Die Geologen überlegen auch, einen Flug samt Laserscan in einiger Zeit zu wiederholen, um zu sehen, ob sich die Zahl der Dolinen am Fernpass erhöht oder ihre Größe verändert hat.

Geologen in einem Steinbruch

Land Tirol/Landesgeologie

Geologen in einem aufgelassenen Gipsbruch bei Nassereith

Öffentlicher Abendvortrag zum Thema Bergbau

Das Geoforum Umhausen vom 15. bis 18. Oktober im Umhausener Ortsteil Niederthai findet heuer mit dem Schwerpunktthema Gipskarst statt.
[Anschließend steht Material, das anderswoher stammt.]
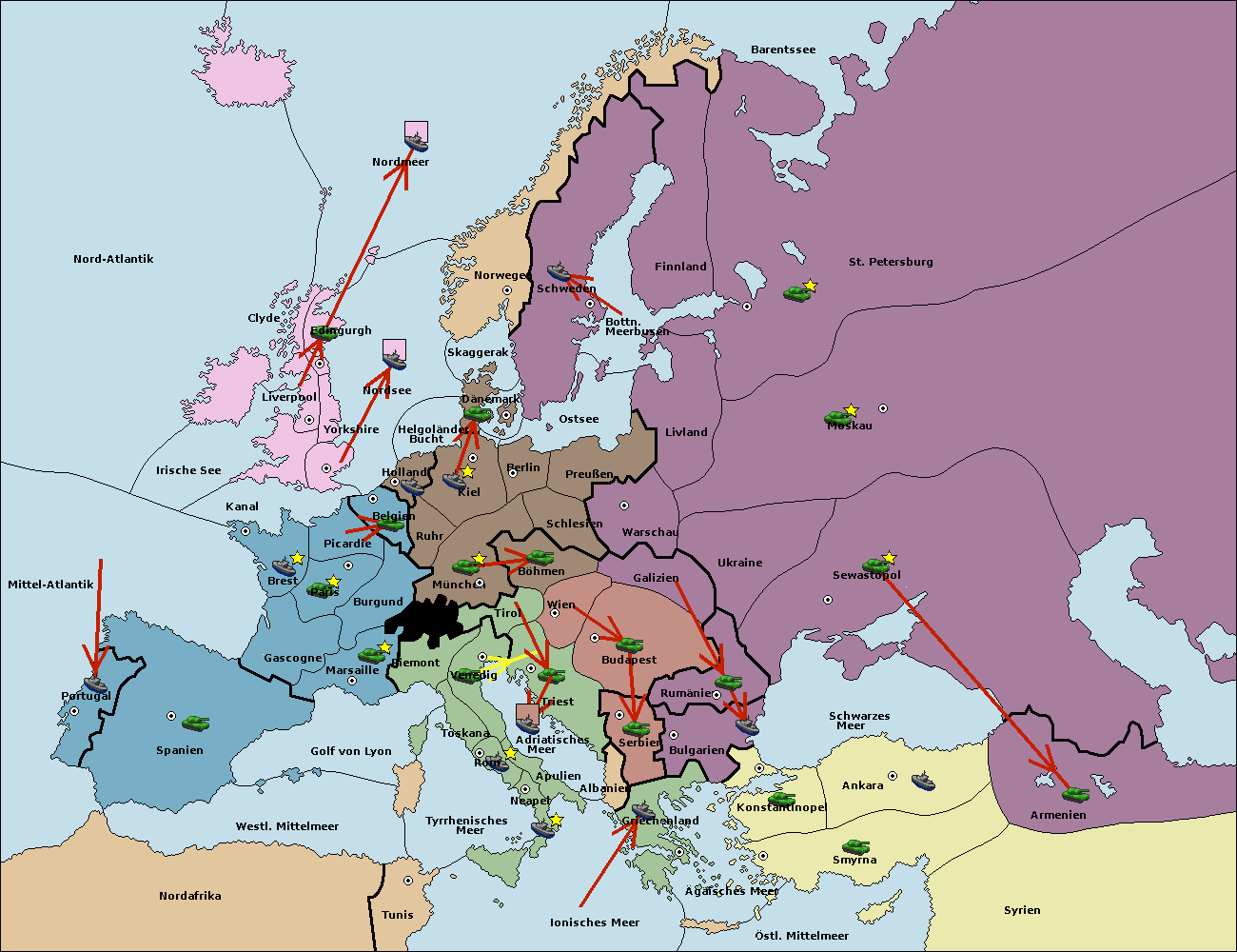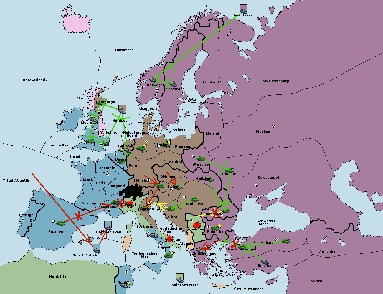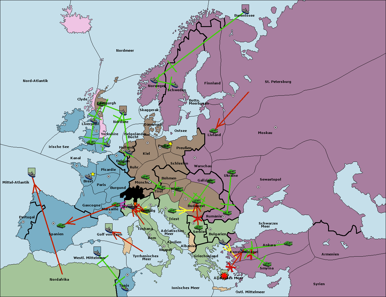 • Die Flotte in Bulgarien (Südküste) move nach Griechenland.

Am Donnerstag gibt es im Tagungssaal um 19.30 Uhr einen öffentlichen Abendvortrag bei freiem Eintritt, bei dem der ehemalige Tiroler Landesgeologe Peter Gstrein über den Tiroler Bergbau referieren wird. Dabei zeichnet er einen Bogen vom Beginn, der Blüte und den Niedergang bis hin zu möglichen Zukunftsszenarien des Bergbaus in Tirol.